La crisis, desde luego, mostró lo errado de estos dos supuestos. Por un lado porque, según se vio, los mecanismos de ajuste del mercado no fueron –ni son- suficientes en sí mismos, sobre todo cuando operan en un contexto de excesivo relajamiento en la regulación institucional. Por otro lado, porque permitió ver que un mayor nivel de integración entre los diferentes mercados puede significar también un mayor grado de vulnerabilidad compartida es decir que, como fue el caso, que la integración antes que ser un enérgico antídoto contra la recesión económica, puede, también ser un mecanismo altamente eficaz de transmisión de ésta.
Existen, desde luego, otros dogmas muy arraigados entre los economistas y que el advenimiento de la crisis puso en suspenso -anoto dos: el que establece una identidad espuria entre mercados libres y mercados sin regulación o aquel otro según el cual la racionalidad económica de las personas es mayor conforme más alto su nivel de ingresos- pero todos apuntan hacia una misma dirección: en economía, como en otras áreas de la vida social, contar con dogmas, por más atractivos que sean, no es lo mismo que contar con buenas ideas y el disponer de recetas económicas –derivadas de esos mismos dogmas- no equivale tampoco a contar con buenas políticas de desarrollo. Más aún: para contar con buenas ideas y buenas políticas públicas parece del todo aconsejable guardar las mayores distancias posibles con los dogmas.

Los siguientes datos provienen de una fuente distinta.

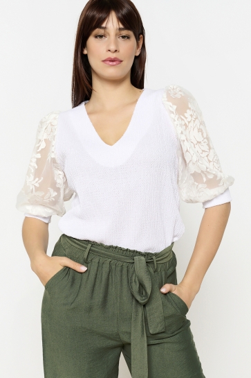 Gestructureerd T-shirt van Only. Dit model heeft kapmouwen en een ronde hals met een rits in de nek.

En este sentido, la crisis económica ha sido, a su vez, una crisis para la economía como disciplina. Ello no sólo porque los economistas no pudieron prever el advenimiento de la crisis –y no olvidemos que el riguroso anticipo de lo porvenir es una de las características básicas del quehacer científico-, ni porque la aparición misma de la crisis debe mucho a la vigencia de no pocos de los dogmas que los economistas han construido en los últimos años y a los cuales se aferran con un fervor cercano al delirio, sino, sobre todo, porque la crisis ha sido una severa llamada de atención en cuanto ha mostrado cuán urgente y profunda es la necesidad que tienen los economistas de llevar su disciplina más allá de lo que sus dogmas.
Ciertamente, sería una lástima que las posibilidades de encontrar una salida virtuosa a la crisis y las posibilidades mismas de transitar hacia un cambio económico serio, se viesen limitadas por el peso muerto de los dogmas y la consecuente pobreza de ideas. Sobre todo, porque, a pesar de su profundidad y alto costo social y político, la crisis no señala, ni por asomo, el final del capitalismo y de la economía de mercado. En el mejor de los casos lo que la crisis sí puede ayudar a precipitar es la emergencia de una nueva manera de entender tanto el funcionamiento de las economías como del balance, el punto de equilibrio, que debe darse entre la dinámica de creación de riqueza (el mercado) y las formas de distribuir tal riqueza (el Estado).
De ahí, en fin, que una de las grandes tareas de los economistas de hoy es abandonar dogmas y generar ideas –junto con las instituciones y políticas públicas- que, además de reconducir a la economía en la senda del crecimiento, ayuden a repensar su funcionamiento bajo modalidades más equitativas y sustentables. La crisis les ha dado esta inesperada oportunidad a los economistas –aunque no sólo a ellos- para que vuelvan a estar a la altura de las exigencias de su tiempo.